### EXERCISE INPUT

- Opening Delimiter -

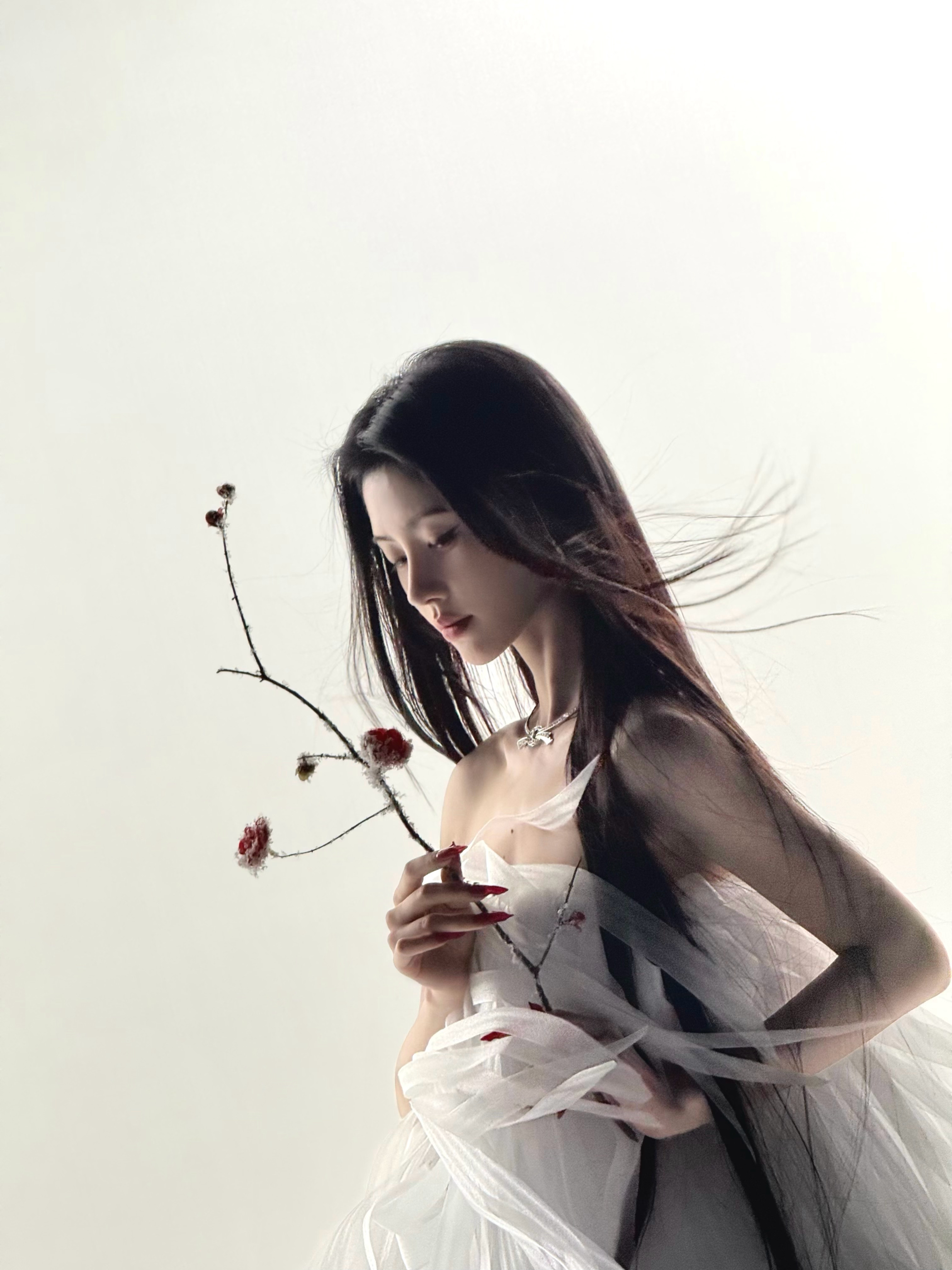 鞠婧祎杂志刷新最高纪录这张脸是艺术品啊艺术品黑长直垂落如墨,白纱轻裹肩线,指尖红甲与锁骨银链相映,每帧都像从古风画卷里走出来的仙子,美得自带疏离感🎞️
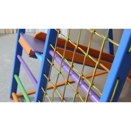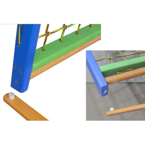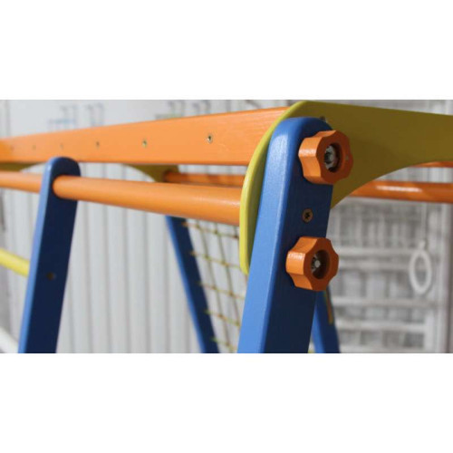Детский комплекс изготовлен из массива сосны высокого качества, все детали тщательно обработаны и не содержат шероховатости, покрытые несколькими слоями безопасного лака без запаха, что увеличивает срок службы спорткомплекса. Все видимые винты закрыты заглушками. Детский комплекс занимает площадь всего 1,5 кв.м.
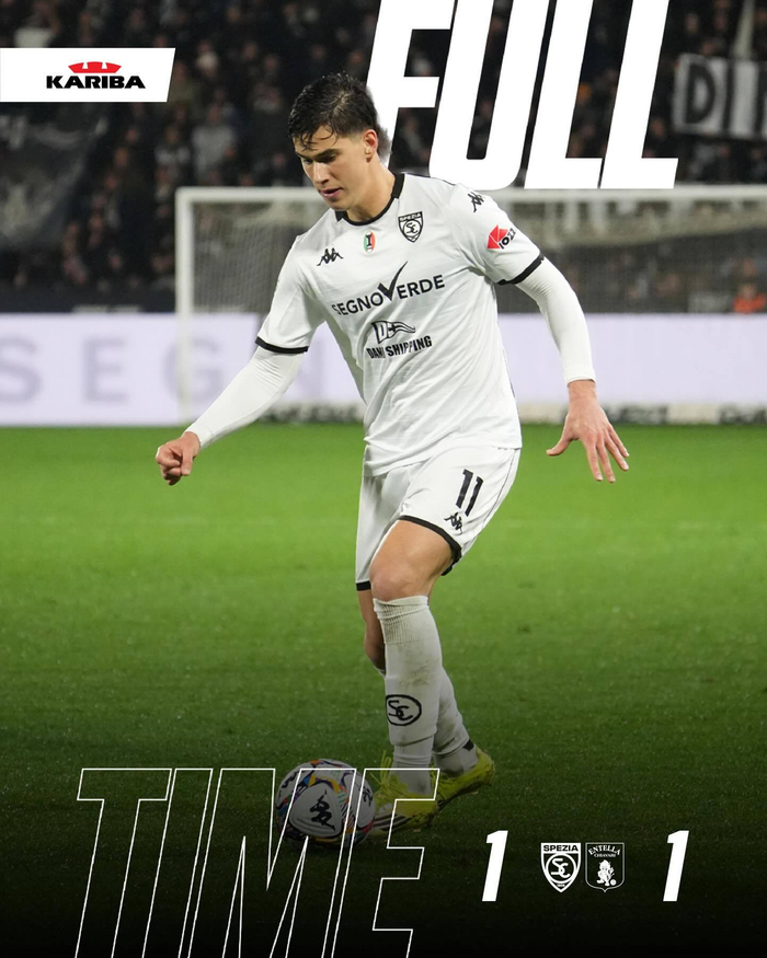 #意乙# 由多纳多尼🇮🇹教练执教的斯佩齐亚主场与维尔图斯恩特拉队1:1握手言和,米兰外租小将科莫托🇮🇹第49分钟替补出场。#ac米兰名宿#
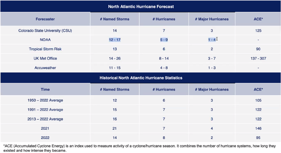 • Main risk is an adverse event – primarily hurricanes and earthquakes
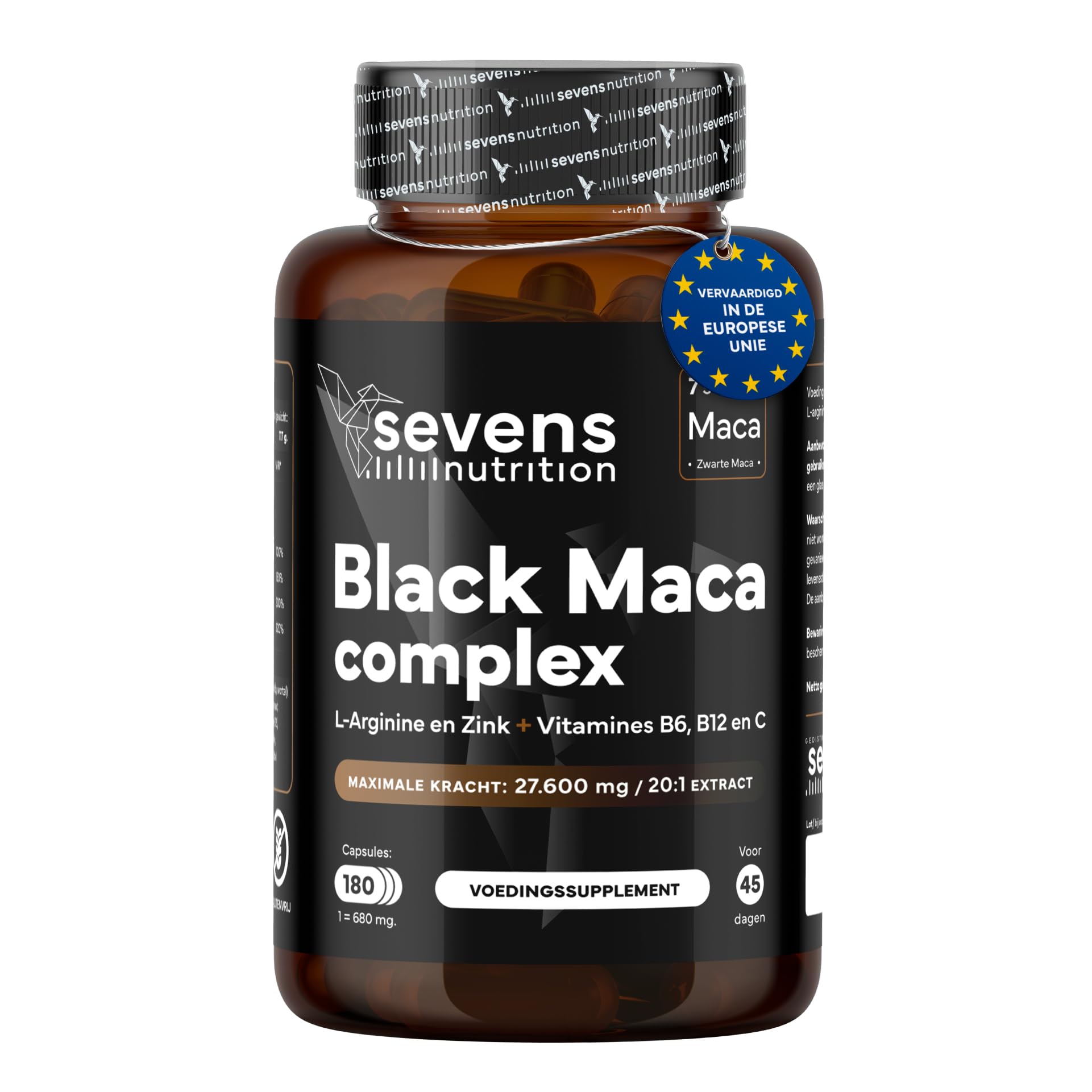 MANUFACTURED IN THE EU ACCORDING TO STRICT EUROPEAN STANDARDS: Developed with high-quality, controlled ingredients and without unnecessary additives. Transparency, safety and effectiveness guarantee every capsule. HIGH QUALITY: 180 vegan black maca capsules. Sufficient for 45 days. Easy to take, tasteless, gluten-free, lactose-free, GMO-free and suitable for vegans. SUPPORTS NORMAL HORMONE LEVELS: thanks to zinc, this contributes to the maintenance of normal testosterone levels in men and normal reproductive function in both men and women. ? ENERGY, CONCENTRATION AND VITALITY: Our black maca contains vitamins B6, B12 and C, which help reduce fatigue and exhaustion and contribute to normal energy metabolism and psychological functions. Ideal during periods of stress, sports or physical and mental fatigue. POTENCY AND EFFECTIVENESS IN EVERY DOSE: 20:1 black maca extract (equivalent to 27,600 mg), combined with L-arginine, zinc and vitamins B6, B12 and C for optimal effectiveness. Ideal for men and women who want to support their energy, balance and daily performance.Maca Complex 27 600 mg Hoge Dosis - 180 Capsules - Peruaanse Maca Zwart 20:1 Extract Met L-Arginine, Zink En Vitaminen B6, B12 En C - Capsules Voor Energie En Vitaliteit – Veganistisch - SevensGEPRODUCEERD IN DE EU VOLGENS STRIKTE EUROPESE NORMEN: Ontwikkeld met hoogwaardige, gecontroleerde ingrediënten en zonder onnodige additieven. Transparantie, veiligheid en effectiviteit staan garant voor elke capsule. HOGE KWALITEIT: 180 vegan zwarte maca-capsules. Voldoende voor 45 dagen. Makkelijk in te nemen, smaakloos, glutenvrij, lactosevrij, GMO-vrij en geschikt voor veganisten. ONDERSTEUNT NORMALE HORMOONSPIEGELS: dankzij zink draagt dit bij aan het behoud van normale testosteronniveaus bij mannen en een normale voortplantingsfunctie bij zowel mannen als vrouwen. ? ENERGIE, CONCENTRATIE EN VITALITEIT: onze zwarte maca bevat de vitamines B6, B12 en C, die helpen vermoeidheid en uitputting te verminderen en bijdragen aan een normaal energiemetabolisme en de psychologische functies. Ideaal tijdens periodes van stress, sport of fysieke en mentale vermoeidheid. KRACHT EN EFFECTIVITEIT IN ELKE DOSIS: 20:1-extract van zwarte maca (equivalent aan 27.600 mg), gecombineerd met L-arginine, zink en de vitamines B6, B12 en C voor een optimale werking. Ideaal voor mannen en vrouwen die hun energie, balans en dagelijkse prestaties willen ondersteunen.
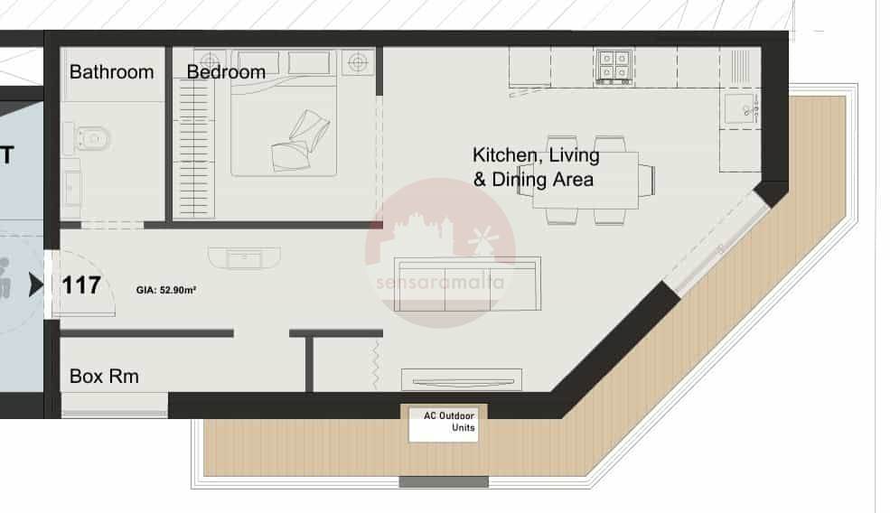 Layout consist of a good sized open-plan kitchen/living/dining, main Bedroom, main bathroom a box room and a front balcony.

- Closing Delimiter -

### WHAT IS NEEDED
Reproduce exactly the lines from the beginning of the material down to the line containing "hurricanes and earthquakes", both ends included, but not the pictures or anything after.

### OUTPUT FOR THIS TASK
 鞠婧祎杂志刷新最高纪录这张脸是艺术品啊艺术品黑长直垂落如墨,白纱轻裹肩线,指尖红甲与锁骨银链相映,每帧都像从古风画卷里走出来的仙子,美得自带疏离感🎞️
Детский комплекс изготовлен из массива сосны высокого качества, все детали тщательно обработаны и не содержат шероховатости, покрытые несколькими слоями безопасного лака без запаха, что увеличивает срок службы спорткомплекса. Все видимые винты закрыты заглушками. Детский комплекс занимает площадь всего 1,5 кв.м.
 #意乙# 由多纳多尼🇮🇹教练执教的斯佩齐亚主场与维尔图斯恩特拉队1:1握手言和,米兰外租小将科莫托🇮🇹第49分钟替补出场。#ac米兰名宿#
 • Main risk is an adverse event – primarily hurricanes and earthquakes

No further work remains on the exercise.